You’re starved for fun. I can see it in your weary little eyes. You’re groveling in a poorly lit corner, mascara running down your cheeks, over someone’s latest sad attempt at pretending to be Edgar Allen Poe. Dark and ultra-meaningful art has you in an anaconda chokehold, and by gosh, it’s not going to let go until it crushes your ribs, gapes its jaw, and swallows you like a Costco hotdog.

You’ve had sad and pretentious stories rammed down your throat for years now and there’s no end in sight. You have no idea what any of it means. You’re left asking one question over and over again: was that really Casey Affleck under the bedsheet the whole time?

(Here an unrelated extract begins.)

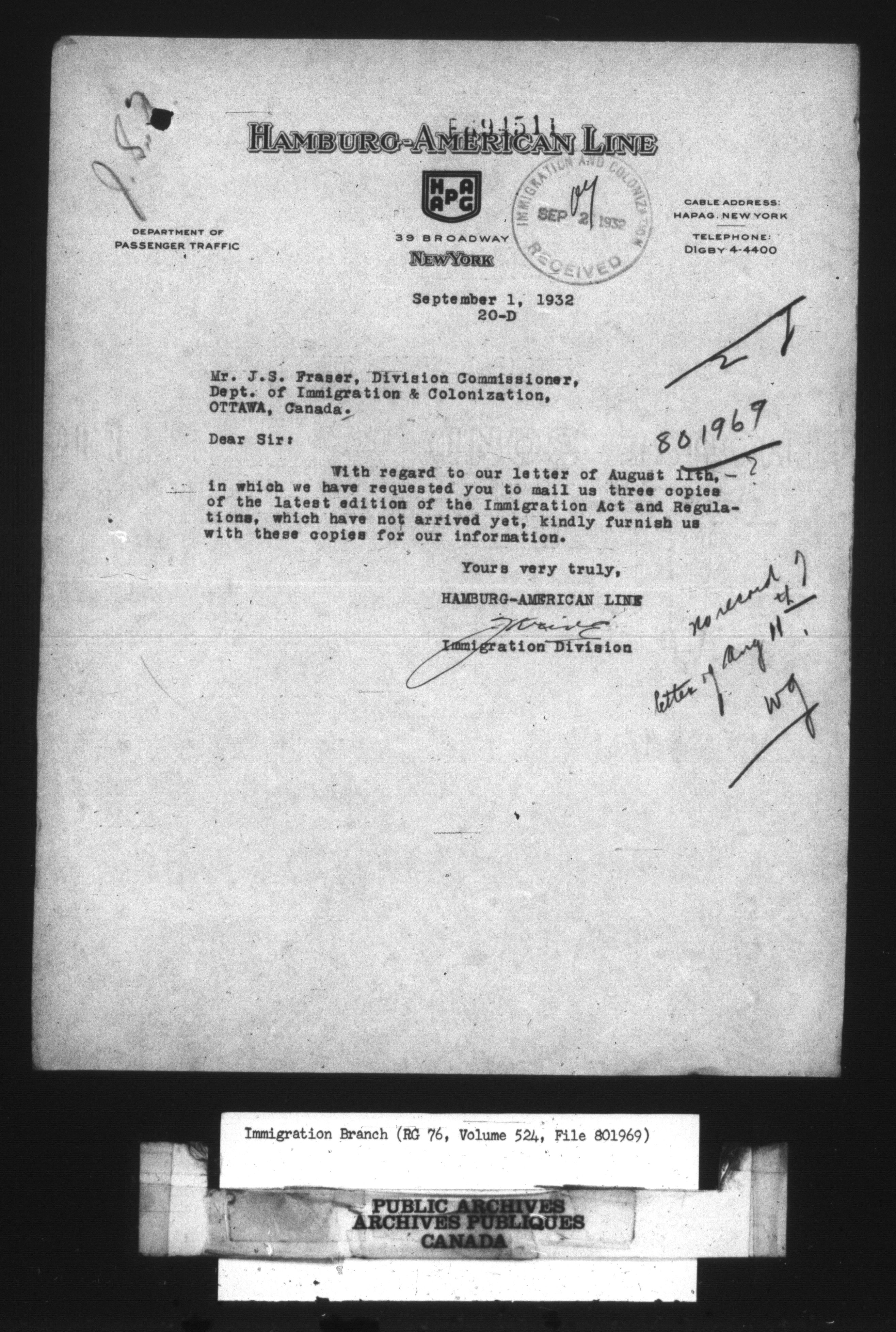 Subject, policy and case files in the First Central Registry series of the Immigration Program, 1892-1950 - 10618

Dark stories, dark art, it’s all important, but seriously, maybe there’s room for something else? Being sad is cool. But this is GOOEY, and GOOEY has no time for that. GOOEY’s the strange, barbaric voice screaming through the night. It’s the calloused hand that slaps you across the mouth when you complain too much. It’s the cherry lips that kiss you passionately so that you’ll stop crying because you look kind of ugly when you cry. GOOEY’s made for eutherian mammals and by golly, that’s you.


So, it’s time to dry your bitch tears, pull up your jeggings, and read this issue of GOOEY. You’ll find stories to electrify your soul, interviews to break your heart, and art to melt your brain.


GOOEY is your mother, and you are its fetus. Sink into GOOEY’s placental love. Float in its amniotic fluids. Hook into its umbilical cord and let it pump self-absorbed and barbaric fun into your belly button. Come on. Don’t be a nerd. Just do it. You’ll finally be one of the cool kids.